Mimo wszystko, biorąc to wszystko pod uwagę, wydaje się, że szansa na zmianę koncepcji czy lokalizacji centrum nauki jest minimalna. Po co więc wracać do sprawy, która jest przesądzona? – Być może nie robiłbym tego, gdyby nie to, że proponowana koncepcja centrum w Chorzowie jest protezą tego, na co zasługuje nasz region – mówi Marcin Krupa. – Uważam, że taki ośrodek powinien zostać sfinansowany z budżetu centralnego.
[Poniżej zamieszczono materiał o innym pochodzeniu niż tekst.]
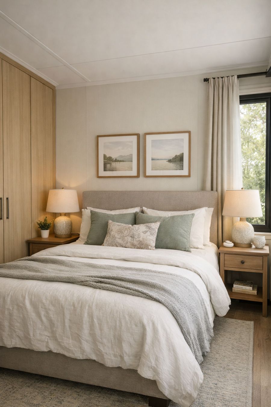 The bedroom is a peaceful retreat designed for relaxation and rest. The centerpiece, a comfortable queen-sized bed, is dressed in luxurious linens and flanked by stylish nightstands. A large window allows natural light to fill the space, while soft drapes offer privacy when needed. The color palette is soothing, with muted tones and subtle patterns that create a serene atmosphere. A built-in wardrobe offers ample storage, keeping the room uncluttered and tranquil. The overall design encourages a restful night's sleep and a peaceful start to each day.

Rozpoczynając dyskusję o centrum nauki myśleliśmy o takim na kształt tego w Warszawie, które kosztowało około 400 mln zł. Deklaruję, że jeśli zostanę prezydentem, miasto dołoży się do utrzymania placówki. Mogłaby ona powstać np. w strefie kultury albo w Szopienicach na terenie po hucie Uthemann. Ja się nie upieram co do miejsca. Ostatecznie, nawet jeśli centrum miałoby powstać w Chorzowie, to ponad podziałami powinniśmy walczyć o zmianę koncepcji na taką jak w Warszawie.

Być może sprawa wróci po wyborach, choć dzisiaj nikt nie jest w stanie przewidzieć zarówno kto będzie rządził Katowicami, jak i województwem. A od tego wszystko będzie zależeć.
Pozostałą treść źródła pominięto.